Ab initiocurved-wave x-ray-absorption fine structure

Abstract

The most important elements of ab initio calculations of x-ray-absorption fine structure (XAFS) are studied. To obtain accurate results without ad hoc adjustable parameters, we find it essential to include (i) curved-wave effects, (ii) a complex, energy-dependent self-energy, (iii) an approximate molecular potential, and (iv) a fixed energy reference for the photoelectron wave number. Based on these findings, an automated code has been developed for ab initio calculations of single-scattering XAFS, in which curved-wave effects are treated exactly in terms of effective backscattering amplitudes, inelastic losses and self-energy shifts are incorporated with use of a Hedin-Lundqvist self-energy, an automated relativistic overlapping-atom muffin-tin potential is used, and the energy threshold is estimated from electron-gas theory. The efficiency of the code is made possible by analytic expressions for the Hedin-Lundqvist self-energy. This code replaces existing tables of XAFS phases and scattering amplitudes and yields reliable theoretical XAFS standards for arbitrary pairs of atoms throughout the Periodic Table (Z≤94).

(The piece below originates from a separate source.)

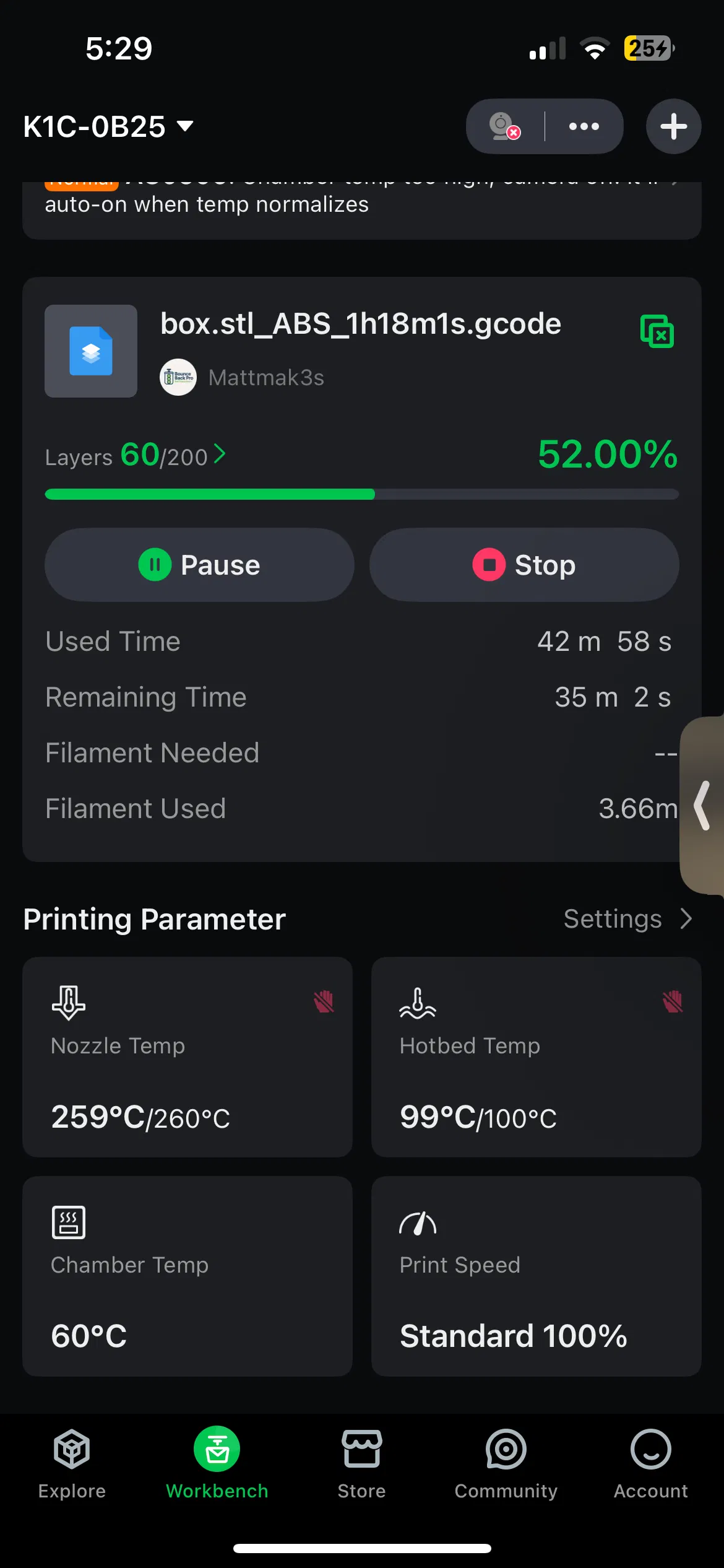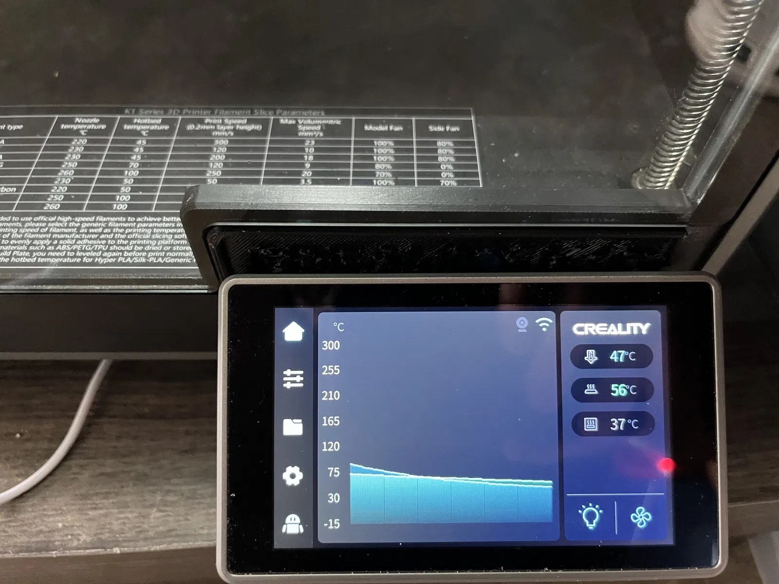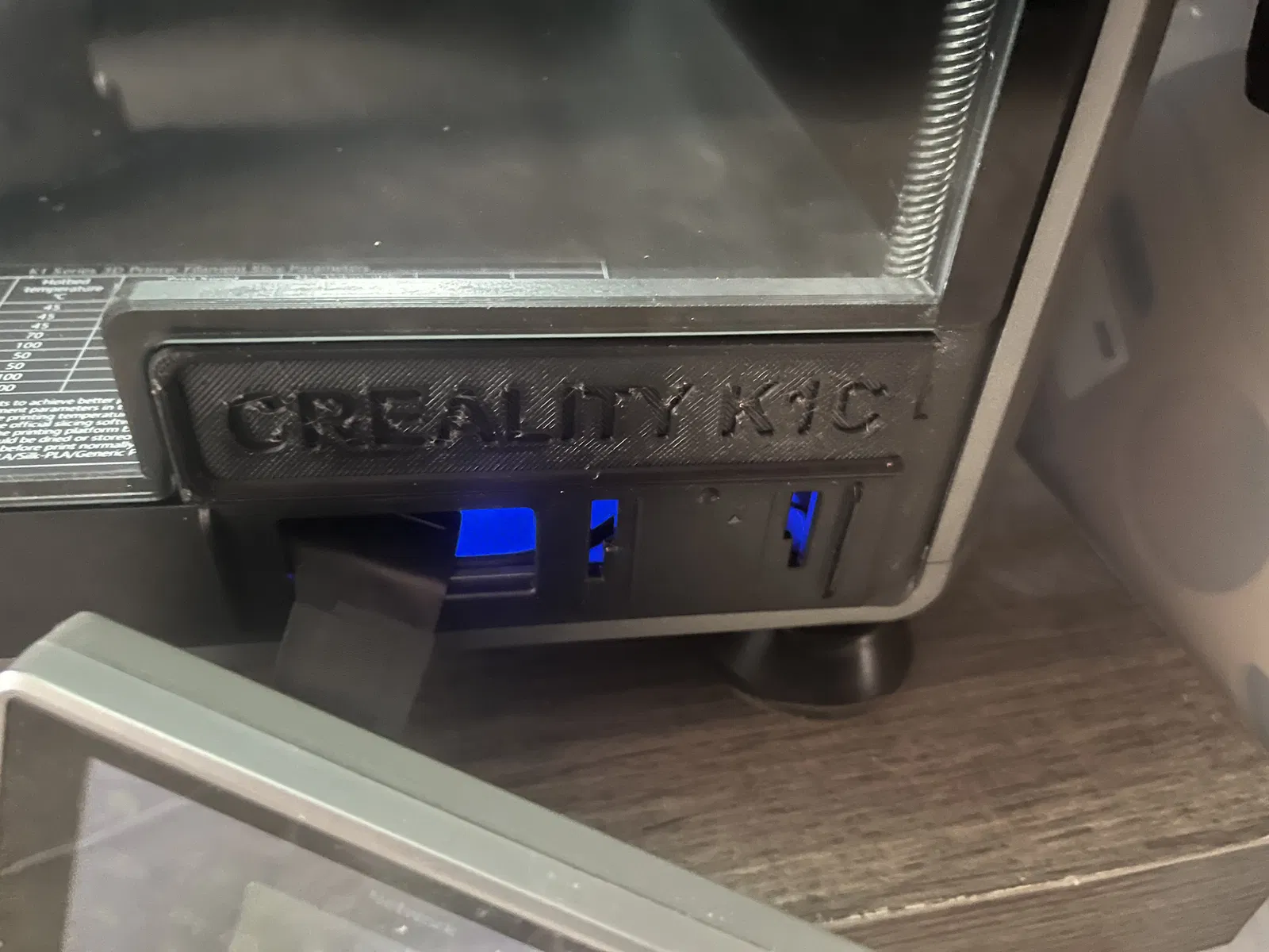 Chặn Khe Cửa Kính Máy K1C để giảm thoát nhiệt phòng, giúp đạt nhiệt độ phòng cao hơn (lên tới 60 độ C) cho các vật liệu như ABS cần nhiệt độ phòng cao.

These results are comparable to those from self-consistent calculations and are valid to within about 20 eV of the absorption edge. Comparisons with experiment are presented for Cu, Ge, Pt, ${\mathrm{Br}}_2$, and ${\mathrm{GeCl}}_4$. The calculated XAFS amplitudes are found to be accurate to within 15%; XAFS phases are accurate to within 0.2 rad; and nearest-neighbor distances are typically accurate to within 0.02 Å.